Albert Pahimi Padacké : Rappelons d’abord posément le contexte dans lequel a été installé le Conseil militaire de transition (CMT). Après la mort du maréchal Déby — dans les circonstances imprévues et tragiques désormais connues de tous — le président de l’Assemblée nationale, M. Kabadi, aurait dû, selon l’ordre constitutionnel existant, mener en effet la transition. Il a refusé, aux vues des conditions exceptionnelles dans lesquelles se trouvait le Tchad, d’assumer ce rôle et a affirmé sa volonté qu’un CMT assure la sécurité du pays.
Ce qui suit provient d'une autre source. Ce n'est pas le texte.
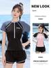 Traje de baño nuevo para mujer Estilo caliente Estilo deportivo casual Traje de baño conservador de manga corta Traje de baño estudiantil que cubre el vientre y adelgaza Traje de baño de vacaciones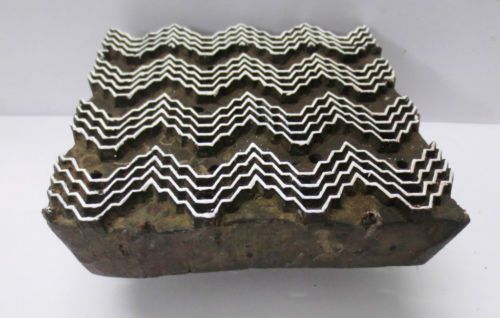 INDIAN WOOD HAND CARVED TEXTILE PRINTING FABRIC BLOCK STAMP ZIG ZAG LINE CARVING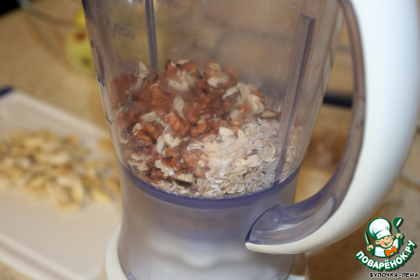 Орехи (лучше миндаль) и овсяные хлопья перемалываем в блендере в крошку.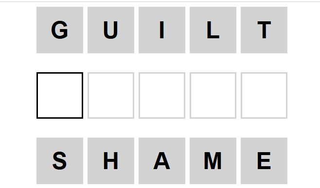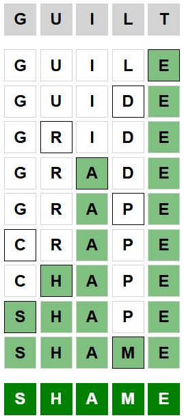 The starter word for the Weaver puzzle released today, December 22nd 2024, is ‘GUILT‘ and the end word is ‘SHAME‘.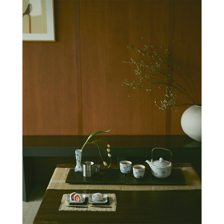 お気に入りの器にお茶と和菓子をそっと並べて、テーブルの上にその季節ならではの小さな風景を楽しむ。暮らしの中に、季節を味わうひとときを。四季の気配を感じながら、ロイヤル コペンハーゲンのテーブルウェアとともに、お茶の時間を楽しんでみてはいかがでしょうか。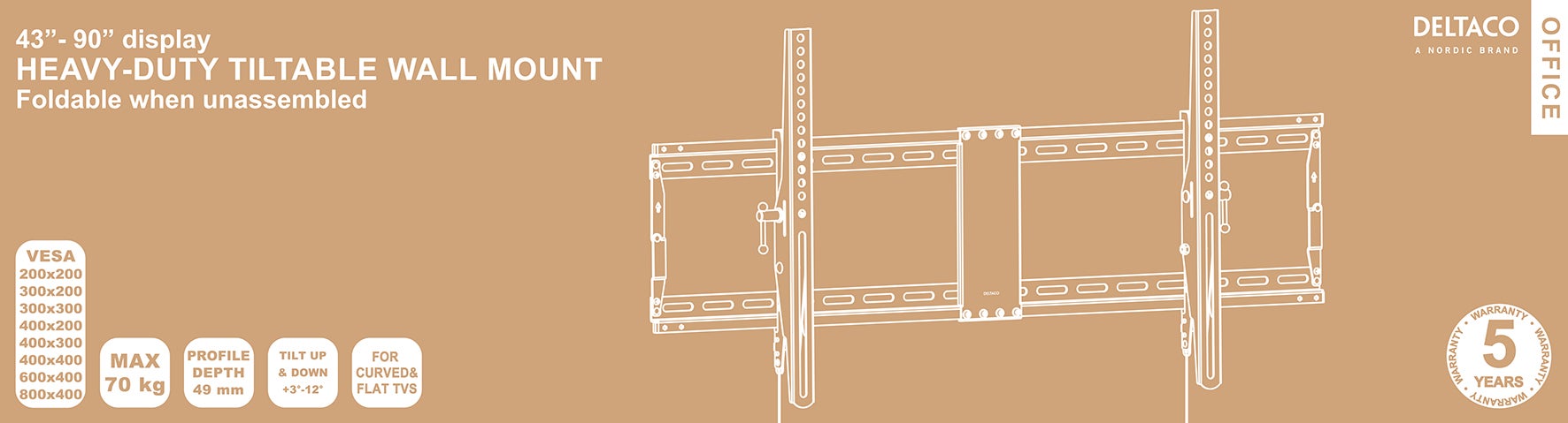 - Rekommenderad TV-storlek: 43" - 90", med en maxvikt: 70 kg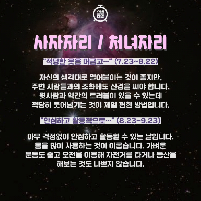 △처녀자리 : 안심하고 활동적으로…

Tout en exigeant que ce CMT s’engage à assurer une transition démocratique dans un délai modéré, la communauté internationale s’est engagée à soutenir et accompagner ce processus.
Ce genre d’évènements exceptionnels amènent évidemment leurs lots de desseins séditieux dans n’importe quel pays et leurs conséquences sont systématiquement tragiques pour les populations si l’on n’y prend pas garde. C’est dans ce contexte contraint par les évènements, au sein duquel se multipliaient les menaces intérieures et extérieures, que le Général Mahamat Idriss Déby Itno a pris la tête du CMT. Sa mise en place a d’ailleurs été immédiatement reconnue par nos alliés du G5 Sahel, signe que cette mesure d’urgence était l’unique voie adaptée aux périls qui nous menaçaient.
Après la mort du maréchal Idriss Déby Itno, beaucoup de nos concitoyens et certains observateurs, autoproclamés « tchadologues », prévoyaient une double catastrophe : d’abord, la déstabilisation, voire la désintégration du Tchad, voué à entrer dans une période indéterminée de guerre civile sanglante. D’autres considéraient que la mort d’Idriss Déby signait le début d’une longue période de déstabilisation de l’ensemble de la sous-région avec, à court terme, une ère de domination des groupes armés terroristes…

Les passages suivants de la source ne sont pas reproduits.